Yes, rest of the exhaust is stock, only rear mufflers are changed out with straight-through ones.


----------



## keyleum (Mar 29, 2015)

S4BiT said:


> Yes, rest of the exhaust is stock, only rear mufflers are changed out with straight-through ones.


How about delete the rear muffler? Still pop?


----------



## DaBz1981 (Oct 8, 2010)

To my knowledge the 3.6 CC does not have DSG (not in the US anyway) which would explain the lack of "pop" or "fart" when shifting gears. I have the rear resonator deleted on my 3.6 and there's no popping noise just a really nice growl.


----------



## yusuke280 (Apr 20, 2005)

DaBz1981 said:


> To my knowledge the 3.6 CC does not have DSG (not in the US anyway) which would explain the lack of "pop" or "fart" when shifting gears. I have the rear resonator deleted on my 3.6 and there's no popping noise just a really nice growl.


the CC 3.6's we have here in HK are all euro spec with 4mo so they all come with DSG as standard... there's a big difference between the shifting comparing tiptronic & dsg..


----------



## DasCC (Feb 24, 2009)

Gotta get a GTI if you want DSG farts.


----------



## keyleum (Mar 29, 2015)

DasCC said:


> Gotta get a GTI if you want DSG farts.


passat cc also DSG, but the muffle was tooooooooo big,


----------



## S4BiT (Mar 11, 2014)

Well, all the Euro spec 3.6 CCs are equipped with the DSG gearbox, so they shurely are "farting". You just have to open up your exhaust a little to hear it more, i agree that its too quiet from the factory.

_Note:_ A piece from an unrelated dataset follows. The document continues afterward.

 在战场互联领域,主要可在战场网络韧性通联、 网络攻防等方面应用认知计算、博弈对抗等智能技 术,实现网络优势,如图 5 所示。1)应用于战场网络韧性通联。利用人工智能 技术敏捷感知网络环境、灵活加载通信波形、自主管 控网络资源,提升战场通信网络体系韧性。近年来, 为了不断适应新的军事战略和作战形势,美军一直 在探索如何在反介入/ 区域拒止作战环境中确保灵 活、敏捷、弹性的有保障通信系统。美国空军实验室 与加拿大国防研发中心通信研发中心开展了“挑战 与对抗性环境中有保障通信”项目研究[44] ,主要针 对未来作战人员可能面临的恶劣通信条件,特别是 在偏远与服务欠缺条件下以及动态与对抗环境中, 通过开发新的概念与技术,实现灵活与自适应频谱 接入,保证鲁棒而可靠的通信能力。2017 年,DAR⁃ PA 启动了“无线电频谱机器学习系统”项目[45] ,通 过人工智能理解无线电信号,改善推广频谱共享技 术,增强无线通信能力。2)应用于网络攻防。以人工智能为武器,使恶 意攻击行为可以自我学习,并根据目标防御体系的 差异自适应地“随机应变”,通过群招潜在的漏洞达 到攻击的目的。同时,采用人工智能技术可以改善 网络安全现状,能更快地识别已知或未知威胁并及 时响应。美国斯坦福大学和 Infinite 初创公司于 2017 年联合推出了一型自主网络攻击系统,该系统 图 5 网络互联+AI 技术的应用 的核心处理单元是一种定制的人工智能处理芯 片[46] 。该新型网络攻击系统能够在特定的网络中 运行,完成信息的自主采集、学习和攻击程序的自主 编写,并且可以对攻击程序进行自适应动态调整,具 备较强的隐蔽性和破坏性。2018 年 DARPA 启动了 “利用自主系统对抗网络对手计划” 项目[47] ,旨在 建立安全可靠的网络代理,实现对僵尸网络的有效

Here is one more example, way louder than you would expect right?
https://www.youtube.com/watch?v=y7YSsW4g1jU


----------



## S4BiT (Mar 11, 2014)

keyleum said:


> How about delete the rear muffler? Still pop?

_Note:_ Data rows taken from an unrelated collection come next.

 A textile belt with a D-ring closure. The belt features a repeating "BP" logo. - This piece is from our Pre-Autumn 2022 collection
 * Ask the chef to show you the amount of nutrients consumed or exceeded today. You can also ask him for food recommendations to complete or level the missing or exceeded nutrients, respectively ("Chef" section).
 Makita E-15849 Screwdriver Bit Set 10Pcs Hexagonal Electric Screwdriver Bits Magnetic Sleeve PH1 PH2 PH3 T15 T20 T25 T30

For me, its too loud when the rear mufflers are removed, thats why ive changed them out with different ones. Its really nice and low rumble like this, and not annoying for everyday use. But yes, you can hear the "fart" even more if you remove them.


----------



## keyleum (Mar 29, 2015)

S4BiT said:


> For me, its too loud when the rear mufflers are removed, thats why ive changed them out with different ones. Its really nice and low rumble like this, and not annoying for everyday use. But yes, you can hear the "fart" even more if you remove them.

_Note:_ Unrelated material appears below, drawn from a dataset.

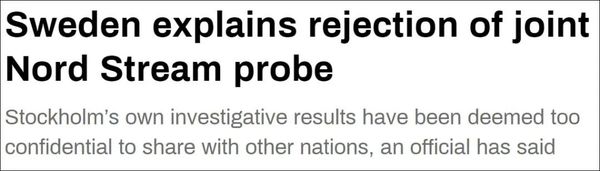 近日,瑞典拒绝了与丹麦和德国成立正式联合调查组来调查“北溪-1”和“北溪-2”管道被炸情况的计划。14日,瑞典表示,该国目前掌握的调查结果内容非常敏感,无法与其他欧盟国家分享。
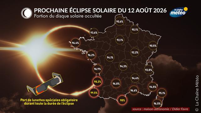 Dans exactement 4 mois, le 12 août 2026 au soir, une éclipse solaire quasi totale va se produire en France, une première depuis celle du 11août 1999 sur le territoire, avant la prochaine prévue en 2081...

just want the big fart when changing the gear :laugh:


----------



## S4BiT (Mar 11, 2014)

I think UM can make a new tune for your ECU and DSG with the spark cut, then it's going to bang and spit fire when shifting. You have to sacrifice your cats then tho.


----------



## yusuke280 (Apr 20, 2005)

S4BiT said:


> I think UM can make a new tune for your ECU and DSG with the spark cut, then it's going to bang and spit fire when shifting. You have to sacrifice your cats then tho.


lol.. i think that's going to be too hardcore for his case...


----------



## S4BiT (Mar 11, 2014)

https://www.youtube.com/watch?v=0xjBGFpYwg4

Loads of examples from the R32 cars, but i think its doable on R36 also. As much as i like to have it i cant justify it to remove my catalytic converters


----------